_Directions_. In the listing below, the answer starts at the line that has "We prefer to" and stops after the line that has "項目工程于2019年4月9日"; please repeat that part exactly and nothing more.

_Data in this exercise_.
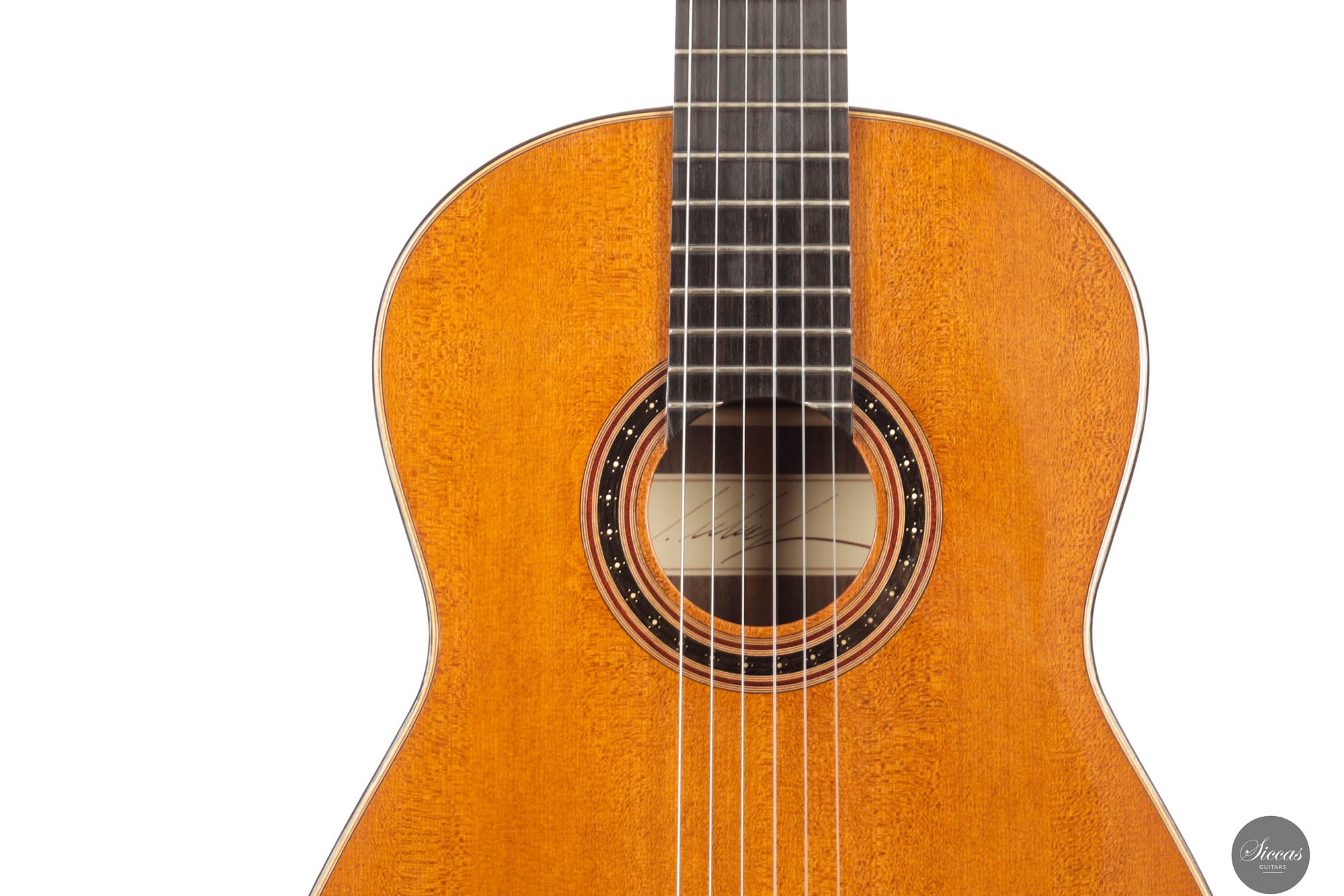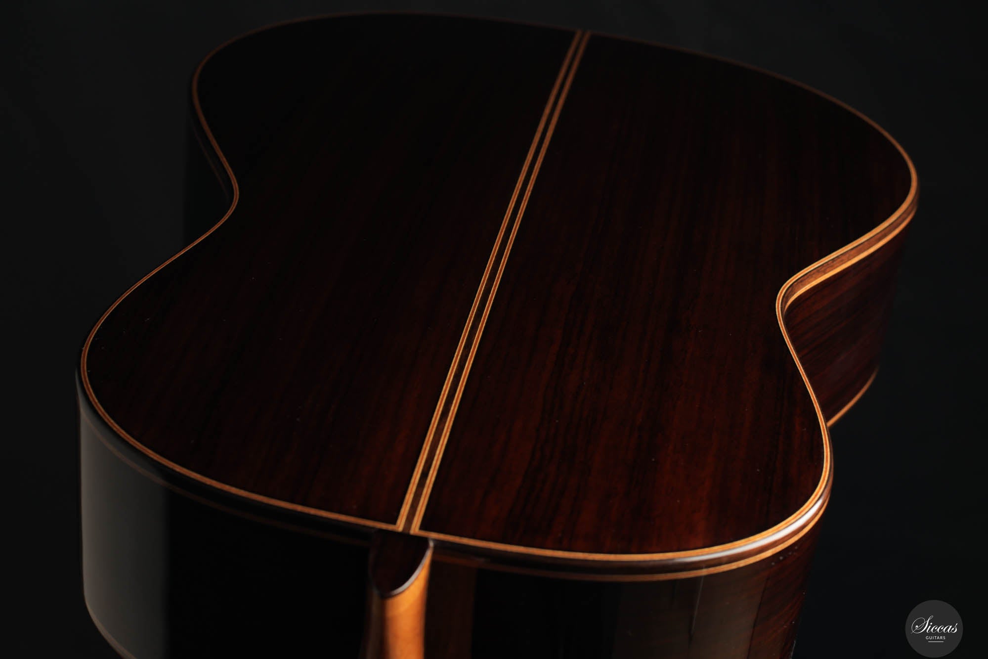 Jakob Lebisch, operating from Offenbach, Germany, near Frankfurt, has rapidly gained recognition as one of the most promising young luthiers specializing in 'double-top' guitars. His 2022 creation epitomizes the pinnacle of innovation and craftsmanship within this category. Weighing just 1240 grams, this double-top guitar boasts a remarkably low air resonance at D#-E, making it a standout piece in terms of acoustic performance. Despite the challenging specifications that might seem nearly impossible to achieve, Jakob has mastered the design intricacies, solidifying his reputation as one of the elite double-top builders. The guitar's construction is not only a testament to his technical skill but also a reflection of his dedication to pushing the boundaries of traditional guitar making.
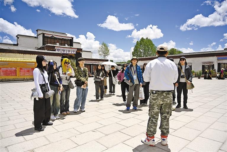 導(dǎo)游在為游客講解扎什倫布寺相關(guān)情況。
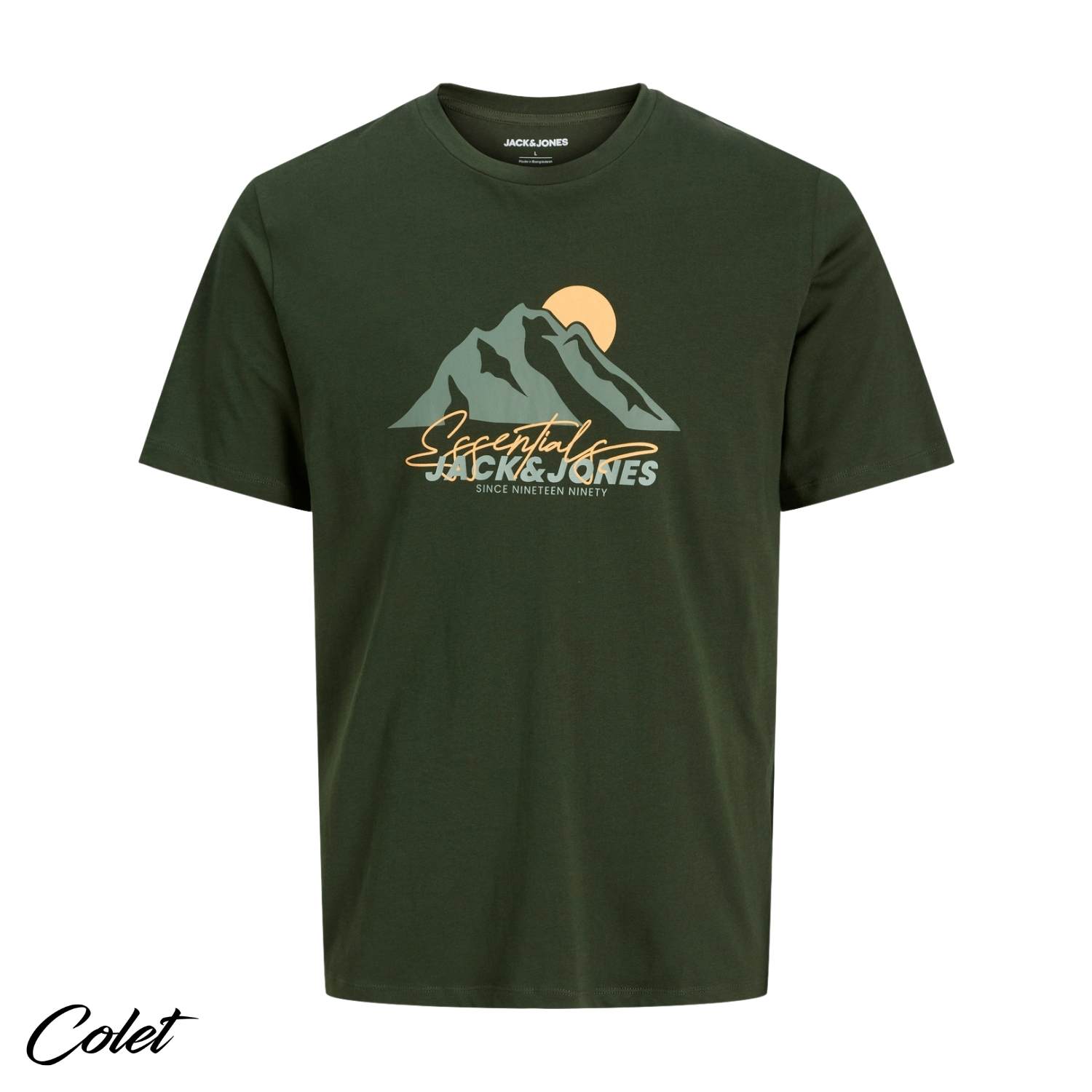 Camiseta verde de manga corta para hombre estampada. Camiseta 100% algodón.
...
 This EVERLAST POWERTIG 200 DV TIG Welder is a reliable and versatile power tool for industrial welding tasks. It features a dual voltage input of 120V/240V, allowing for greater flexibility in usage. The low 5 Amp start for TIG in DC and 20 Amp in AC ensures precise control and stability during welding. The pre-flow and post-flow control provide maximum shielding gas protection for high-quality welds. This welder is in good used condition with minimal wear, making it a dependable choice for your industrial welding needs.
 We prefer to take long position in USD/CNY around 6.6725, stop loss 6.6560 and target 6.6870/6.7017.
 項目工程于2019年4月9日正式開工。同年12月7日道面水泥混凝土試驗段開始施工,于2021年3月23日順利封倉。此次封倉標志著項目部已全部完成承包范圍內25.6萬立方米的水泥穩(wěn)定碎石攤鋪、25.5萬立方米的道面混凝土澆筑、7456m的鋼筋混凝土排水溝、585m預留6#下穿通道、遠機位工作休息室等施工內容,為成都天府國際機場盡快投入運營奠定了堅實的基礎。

_Answer to the problem_.
 We prefer to take long position in USD/CNY around 6.6725, stop loss 6.6560 and target 6.6870/6.7017.
 項目工程于2019年4月9日正式開工。同年12月7日道面水泥混凝土試驗段開始施工,于2021年3月23日順利封倉。此次封倉標志著項目部已全部完成承包范圍內25.6萬立方米的水泥穩(wěn)定碎石攤鋪、25.5萬立方米的道面混凝土澆筑、7456m的鋼筋混凝土排水溝、585m預留6#下穿通道、遠機位工作休息室等施工內容,為成都天府國際機場盡快投入運營奠定了堅實的基礎。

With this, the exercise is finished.